Photo by khalampre/FlickrCC
There's a theory that humans first discovered wine when a hungry soul chanced upon some wild vines in late fall, their bunches well past ripe, rotten and slightly fuzzy with a blush of mold. Their taste would have been unlike other grapes, the skin having little resistance, bold and spicy with a little effervescence. But what really made them different was what happened afterward! Definitely a heightened sense of euphoria, perhaps a new-found ability to dance, possibly uncontrollable laughter or intense and profound conversation, and maybe after several bunches the fool-hearted courage was mustered to finally show that damned saber-toothed tiger who was boss.
What is quite clear from that first encounter is that the element of wine that kept us coming back was its ability to make us drunk! As we have evolved, so have our reasons for loving wine. But it is surely the transformative power of drunkenness that initially propelled wine from rotten grapes to the level of the spiritually transcendent beverage of the Elysium mysteries of the ancient Greeks, as Elijah's drink of choice at Passover or as a reasonable substitute for the blood of the son of the Christian God.
It was also Mohammed's personal experience with the misuse of wine's power that forced him to suggest wine should only be reserved for those that have obtained paradise in Islam, where it is said that wine will flow from fountains (God willing, it is Quintessa).
Where does this idea of wine as a sacred beverage come from? This is difficult to trace back through history, as in order for something to be documented, it must be written down. So we must rephrase the question to, "When did humans first start to write about wine?" This is when we find something very interesting.
It is believed that writing began in several places around the world in about 3500 B.C.E. In Egypt the first writing was done in hieroglyphics or pictorial writing and the earliest form of this style of writing contains characters representing specialized terms for grapes (yrp), raisins (wnsy), grapevines (yarrt), and wine press (smw).

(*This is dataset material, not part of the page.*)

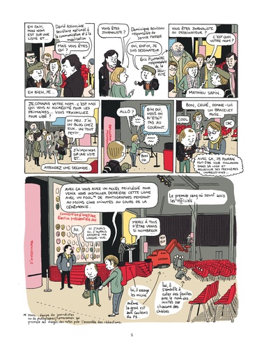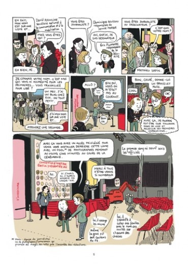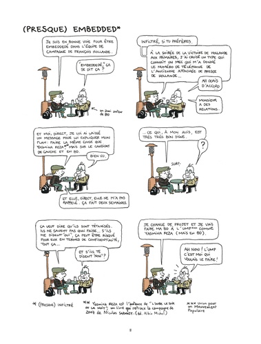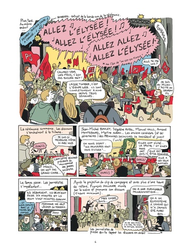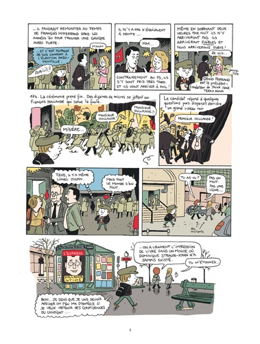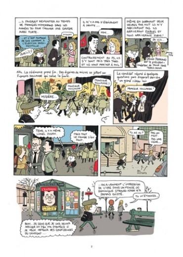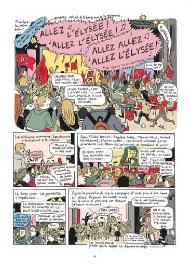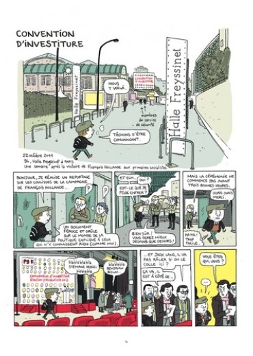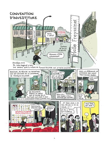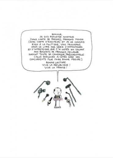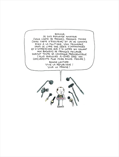 Depuis octobre 2011, Mathieu Sapin accompagne François Hollande pendant sa campagne, au plus près du candidat. Réunions stratégiques, déplacements, meetings et confidences exclusives : le BD reporter livre un document passionnant sur les coulisses d’une campagne présidentielle à nulle autre pareille. Après Feuille de chou, Journal d’un tournage et Journal d’un journal (Editions Delcourt), ce spécialiste du reportage dessiné s’attaque à la vie politique et à ses coutumes secrètes.

Graphic by Aaron Pott and Max Fisher
The Egyptian demon-god Shesmu, whose name includes the word for wine press, was a god of the underworld who was associated with wine, oils for embalming, and most importantly pronounced judgment over dead souls, giving wine to the good and tearing off the heads of the evil, throwing them into the wine press and converting their blood into wine.
In the 1980s, in tombs excavated in Juxian, China of the Neothlithic Dawenkou Culture (4500-2500 B.C.E.), 20 wine vessels were found, which provide clues to the earliest of Chinese characters. Archaeologists and paleographers have since recognized 14 of the more than 20 drawings as pictographs and deciphered them as seven characters, including fan (ordinary), nan (south), and xiang (enjoy).
So it seems that not only was wine important enough to us to write about, but it seems that it was one of the first things that we wrote about!